4 ÉVANGILE DE MARC

Marc est le surnom qui avait été donné à l’auteur de cet évangile, qui s’appelait en réalité Jean. Il était un proche de l’apôtre Pierre et cet évangile aurait été rédigé entre 65 et 68 après JC. Il est le plus court des quatre évangiles.

Jean Baptiste, le prophète qui a précédé Jésus

Marc/Jean commence par donner des informations sur Jean-Baptiste et son ministère. Il nous apprend que ce prophète, qui précéda Jésus, portait des vêtements en poils de chameau et mangeait des sauterelles et du miel sauvage. Il clamait que celui qui viendrait après lui serait plus puissant que lui ; c’est Jean Baptiste qui baptisa plus tard Jésus dans le Jourdain ; lors du baptême, le ciel s’ouvrit et l’esprit descendit sur lui, telle une colombe, puis une voix affirma : « Tu es mon fils bien-aimé et tu as toute mon approbation ».

Exécution de Jean-Baptiste

Plus tard, Jean-Baptiste sera exécuté, à la demande D’Hérodiade, par l’intermédiaire de sa fille Salomé, qui, sur la demande de sa mère, avait dansé devant le roi Hérode, afin de l’amadouer.

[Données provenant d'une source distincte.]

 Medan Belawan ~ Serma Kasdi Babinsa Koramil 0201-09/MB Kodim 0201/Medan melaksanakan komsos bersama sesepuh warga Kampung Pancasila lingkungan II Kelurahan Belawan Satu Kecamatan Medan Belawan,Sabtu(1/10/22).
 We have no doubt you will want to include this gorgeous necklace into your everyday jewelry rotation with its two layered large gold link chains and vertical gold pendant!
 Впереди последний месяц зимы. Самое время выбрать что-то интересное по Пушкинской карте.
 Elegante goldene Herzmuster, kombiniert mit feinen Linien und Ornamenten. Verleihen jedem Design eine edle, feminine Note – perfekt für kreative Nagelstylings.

Jean-Baptiste désapprouvait les projets projets de mariage du roi Hérode avec Hérodiade, qui allaient à l’encontre des préceptes de la Loi, c’est la raison pour laquelle Hérodiade voulait se débarrasser de Jean-Baptiste. Salomé reçut ensuite la tête de Jean-Baptiste sur un plateau, qu’elle remit à sa mère.

Jésus choisit ses disciples

Après l’arrestation de Jean-Baptiste, Jésus se dirigea vers la Galilée où il annonça la Bonne Nouvelle du royaume de Dieu ; il recommandait aux hommes de changer d’attitude. Lors de son périple, il croisa les frères Simon et André, puis Jacques et Jean, fils de Zébédée, deux autres frères qui exerçaient le métier de pêcheur ; ils suivirent Jésus, qui promit de faire d’eux des pêcheurs d’hommes. D’autres apôtres vinrent se joindre à eux : André, Philippe, Bathélémy, Matthieu, Thomas, Jacques, fils d’Alphée, Thadée, Simon le Cananite, Judas l’Iscariot. Simon sera renommé Pierre par Jésus, qui appelait les deux frères Jacques et Jean « Boanergès » (ce qui signifie « fils du tonnerre »).

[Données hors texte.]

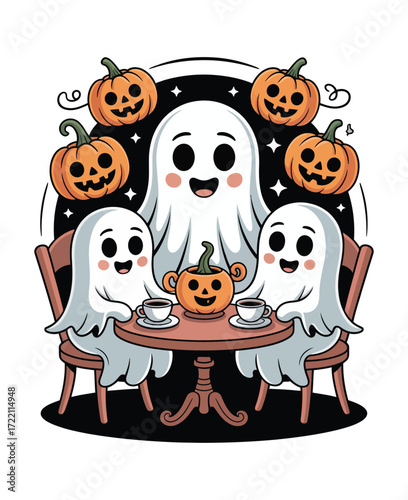 Fototapeta premium Spooky Dinner With Friendly Ghosts And Candy Pumpkin Feast
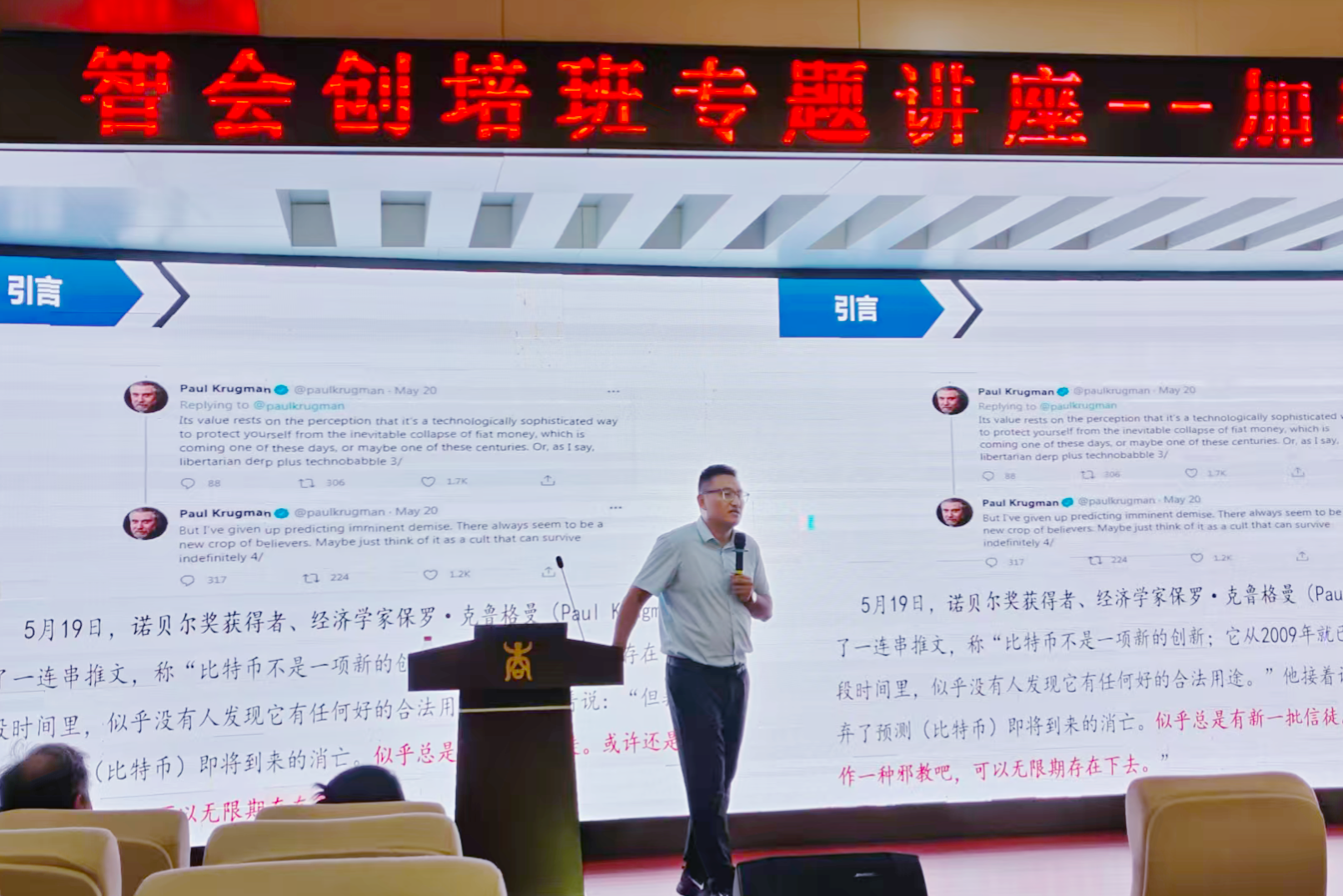 高斌以《加密货币与大国博弈》为题,系统讲解了加密货币的基础知识,深入剖析了其对全球经济格局产生的深远影响,并详细解读了主要国家在加密货币领域的政策态度与博弈态势。课程内容层层递进,不仅引导同学们思考加密货币对财务合规与金融市场带来的挑战与机遇,更激发了大家对金融科技前沿的浓厚兴趣。同学们认真听讲,在互动环节中积极提问,与高斌深入交流,现场学习气氛热烈。

Les miracles de Jésus à Capernaüm et en Galilée

Jésus enseigna dans la synagogue dès le premier jour du Sabbat, mais pas comme le faisaient les spécialistes de la Loi. Jésus signifie « l’Éternel sauve » ou « délivre » et le Christ veut dire « oint » ; le mot Christ correspond à l’hébreu qui a donné « messie ». On amenait à Jésus des lépreux, des paralysés et des démoniaques, qu’il guérissait, après leur avoir pardonné leurs péchés. Il ne souhaitait pas que ces miracles soient ébruités mais les personnes guéries répandaient quand même la nouvelle.

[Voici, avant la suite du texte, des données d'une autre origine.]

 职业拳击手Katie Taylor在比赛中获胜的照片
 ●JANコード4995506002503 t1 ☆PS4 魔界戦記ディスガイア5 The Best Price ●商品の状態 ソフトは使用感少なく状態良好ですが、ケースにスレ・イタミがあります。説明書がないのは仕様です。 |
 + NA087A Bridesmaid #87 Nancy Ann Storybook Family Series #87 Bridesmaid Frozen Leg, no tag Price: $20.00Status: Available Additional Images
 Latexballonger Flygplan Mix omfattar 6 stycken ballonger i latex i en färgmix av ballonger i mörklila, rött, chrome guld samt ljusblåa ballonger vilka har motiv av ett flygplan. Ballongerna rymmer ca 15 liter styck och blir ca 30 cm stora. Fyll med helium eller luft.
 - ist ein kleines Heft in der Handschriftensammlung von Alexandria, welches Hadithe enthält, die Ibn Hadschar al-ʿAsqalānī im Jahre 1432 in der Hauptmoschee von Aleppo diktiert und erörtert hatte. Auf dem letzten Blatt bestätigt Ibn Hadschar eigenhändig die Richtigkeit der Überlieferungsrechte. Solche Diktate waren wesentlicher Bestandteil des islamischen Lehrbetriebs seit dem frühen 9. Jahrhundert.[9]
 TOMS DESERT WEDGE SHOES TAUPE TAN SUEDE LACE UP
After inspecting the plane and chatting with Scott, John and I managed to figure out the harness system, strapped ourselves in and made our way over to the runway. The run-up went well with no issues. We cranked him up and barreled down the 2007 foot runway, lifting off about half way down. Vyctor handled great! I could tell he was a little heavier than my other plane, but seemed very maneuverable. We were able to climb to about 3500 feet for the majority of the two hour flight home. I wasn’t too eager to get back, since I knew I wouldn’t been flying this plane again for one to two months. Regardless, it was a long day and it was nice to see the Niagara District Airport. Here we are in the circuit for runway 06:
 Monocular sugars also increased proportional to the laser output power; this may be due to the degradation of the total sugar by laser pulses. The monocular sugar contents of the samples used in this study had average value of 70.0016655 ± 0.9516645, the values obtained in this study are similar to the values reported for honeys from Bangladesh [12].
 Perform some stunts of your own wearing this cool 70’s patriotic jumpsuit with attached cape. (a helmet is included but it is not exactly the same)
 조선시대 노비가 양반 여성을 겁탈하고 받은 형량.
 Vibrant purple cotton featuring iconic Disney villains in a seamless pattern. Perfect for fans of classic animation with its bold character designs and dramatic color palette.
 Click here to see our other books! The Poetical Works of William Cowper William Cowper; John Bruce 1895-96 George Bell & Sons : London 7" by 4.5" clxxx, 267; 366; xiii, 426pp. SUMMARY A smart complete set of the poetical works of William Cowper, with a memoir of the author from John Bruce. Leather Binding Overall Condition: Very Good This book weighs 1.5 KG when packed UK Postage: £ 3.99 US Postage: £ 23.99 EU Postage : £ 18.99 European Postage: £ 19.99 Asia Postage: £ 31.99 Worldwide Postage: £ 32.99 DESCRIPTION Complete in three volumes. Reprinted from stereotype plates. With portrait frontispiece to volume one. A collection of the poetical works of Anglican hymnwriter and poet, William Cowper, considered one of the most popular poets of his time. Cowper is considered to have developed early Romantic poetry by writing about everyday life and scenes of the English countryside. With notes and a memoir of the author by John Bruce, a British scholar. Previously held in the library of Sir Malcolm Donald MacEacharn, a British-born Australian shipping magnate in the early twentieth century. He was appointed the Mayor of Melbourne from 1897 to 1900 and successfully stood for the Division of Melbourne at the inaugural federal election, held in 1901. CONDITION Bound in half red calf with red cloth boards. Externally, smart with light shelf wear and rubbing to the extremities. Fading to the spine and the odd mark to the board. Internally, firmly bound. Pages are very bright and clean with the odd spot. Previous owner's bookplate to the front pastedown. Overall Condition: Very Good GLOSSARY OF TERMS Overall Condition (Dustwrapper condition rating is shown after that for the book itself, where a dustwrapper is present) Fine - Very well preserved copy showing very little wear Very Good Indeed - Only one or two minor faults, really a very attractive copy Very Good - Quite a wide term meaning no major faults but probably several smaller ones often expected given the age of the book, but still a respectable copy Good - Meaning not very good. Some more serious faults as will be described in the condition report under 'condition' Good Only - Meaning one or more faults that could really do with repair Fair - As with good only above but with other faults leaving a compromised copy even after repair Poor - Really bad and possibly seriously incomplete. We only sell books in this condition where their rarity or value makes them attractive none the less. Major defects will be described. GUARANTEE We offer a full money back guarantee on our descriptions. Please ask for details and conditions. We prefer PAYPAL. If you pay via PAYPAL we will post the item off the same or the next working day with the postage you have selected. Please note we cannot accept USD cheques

Jésus éveille la suspicion des spécialistes de la Loi

Le fait que Jésus se permette de pardonner les péchés était inconcevable pour les spécialistes de la Loi, car, selon eux, seul Dieu pouvait le faire. Ils s’étonnaient également de voir Jésus prendre ses repas avec des collecteurs d’impôts et des pécheurs (personnes ayant commis des péchés). Jésus leur rétorqua qu’il n’était pas venu pour appeler les justes mais des pécheurs, afin de les faire changer d’attitude. Les spécialistes de la Loi voulaient savoir pourquoi les disciples de Jean et les pharisiens jeûnaient alors que les apôtres de Jésus en étaient dispensés. Jésus leur répondit que les invités à la noce du marié ne pouvaient jeûner tant que le marié était avec eux ; il ajouta qu’un jour, le marié leur sera enlevé (il parlait de lui-même) et alors ils pourront jeûner. Les pharisiens reprochèrent également à Jésus d’avoir autorisé ses disciples à arracher des épis de blé pendant le Sabbat pour les manger. Jésus leur répondit que le roi David (de l’Ancien Testament) et ses hommes avaient mangé des pains consacrés dans la maison de Dieu, le jour où ils eurent faim.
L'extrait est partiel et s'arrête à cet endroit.